Luizianne - Mais madura no sentido da compreensão de todo esse processo. O Executivo é um poder muito duro. Eu fui oito anos parlamentar e estive oito anos no Executivo, e o Executivo é incomparável no sentido de ser muito duro como poder mesmo. São várias decisões a serem tomadas, os conflitos sociais que você tem que estar o tempo todo se posicionando, é preciso ser muito forte. Por isso, é impossível você sair do mesmo jeito.  Hoje eu me sinto preparada pra qualquer coisa, depois que eu passei por isso.

(...)

Qual a mensagem que a senhora deixa como prefeita numa última entrevista como prefeita?

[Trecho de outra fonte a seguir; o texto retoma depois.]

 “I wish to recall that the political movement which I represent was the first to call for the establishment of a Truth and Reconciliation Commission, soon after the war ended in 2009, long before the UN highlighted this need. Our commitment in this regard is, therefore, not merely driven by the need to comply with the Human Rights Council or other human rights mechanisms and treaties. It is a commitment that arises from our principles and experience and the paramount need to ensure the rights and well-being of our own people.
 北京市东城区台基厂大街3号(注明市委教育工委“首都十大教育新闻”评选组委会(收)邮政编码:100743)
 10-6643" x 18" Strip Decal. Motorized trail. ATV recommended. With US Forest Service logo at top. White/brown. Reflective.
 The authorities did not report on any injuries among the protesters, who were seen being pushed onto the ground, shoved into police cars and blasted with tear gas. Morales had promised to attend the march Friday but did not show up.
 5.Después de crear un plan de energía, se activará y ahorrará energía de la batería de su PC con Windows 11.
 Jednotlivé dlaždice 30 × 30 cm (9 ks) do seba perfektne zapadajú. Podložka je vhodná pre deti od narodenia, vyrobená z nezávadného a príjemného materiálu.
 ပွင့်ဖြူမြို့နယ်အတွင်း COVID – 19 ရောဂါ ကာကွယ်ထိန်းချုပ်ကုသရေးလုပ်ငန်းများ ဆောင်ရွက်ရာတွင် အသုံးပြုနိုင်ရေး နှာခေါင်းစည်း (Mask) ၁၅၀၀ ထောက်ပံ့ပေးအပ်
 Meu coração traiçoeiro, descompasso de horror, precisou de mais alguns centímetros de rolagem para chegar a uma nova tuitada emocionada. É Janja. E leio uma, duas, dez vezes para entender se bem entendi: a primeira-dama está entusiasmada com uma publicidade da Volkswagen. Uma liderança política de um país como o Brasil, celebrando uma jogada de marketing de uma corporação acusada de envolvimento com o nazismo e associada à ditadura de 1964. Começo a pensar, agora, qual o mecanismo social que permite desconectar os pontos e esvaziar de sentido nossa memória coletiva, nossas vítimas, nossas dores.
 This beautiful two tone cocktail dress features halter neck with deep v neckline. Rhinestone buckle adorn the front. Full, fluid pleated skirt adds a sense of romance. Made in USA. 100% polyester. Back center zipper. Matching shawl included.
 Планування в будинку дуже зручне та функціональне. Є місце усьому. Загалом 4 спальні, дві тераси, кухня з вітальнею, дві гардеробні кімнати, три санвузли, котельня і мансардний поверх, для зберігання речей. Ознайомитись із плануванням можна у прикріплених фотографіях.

Luizianne - Primeiro, que eu saio com o coração alegre, porque eu saio com o sentimento de dever cumprido. Fiz um governo onde procurei dar o máximo de mim, principalmente do ponto de vista ético. Saio sem nenhum tipo de escândalo nem nada que me envergonhe, muito pelo contrário. Em oito anos, fiz as coisas direito e saio do jeito que eu entrei. Isso é um motivo de alegria muito grande. E fiz tudo o que eu podia, me dediquei mesmo a essa cidade. De corpo e alma. A única coisa que eu queria é que as pessoas entendessem que essa cidade não pode dar nem um passo pra trás, em nenhum aspecto. Porque os passos mais difíceis foram dados. Agora a cidade tem que cobrar mais conquistas ainda. Tenho um amor grandioso por essa cidade, sou apaixonada por Fortaleza. Nunca sai daqui pra morar fora, vivi minha vida toda aqui. Isso porque acredito nessa cidade, no potencial do povo, no potencial econômico e turístico dessa cidade, acredito na nossa Fortaleza. Saio acima de tudo com sentimento de dever cumprido. Tudo o que podia ter sido feito eu fiz. Fiz até coisa demais, tanto que não deu tempo de terminar. Não pequei por omissão, mas por excesso. E isso só me deixa muito orgulhosa e feliz, além de grata à metade da cidade que, oito anos depois, compreendeu a nossa luta e foi lá e marcou a diferença votando no candidato do PT para dar continuidade ao nosso projeto. Ou seja, pelo menos metade da cidade queria a continuidade do projeto. E isso pra mim é motivo de muita alegria e só aumenta meu carinho por essa cidade.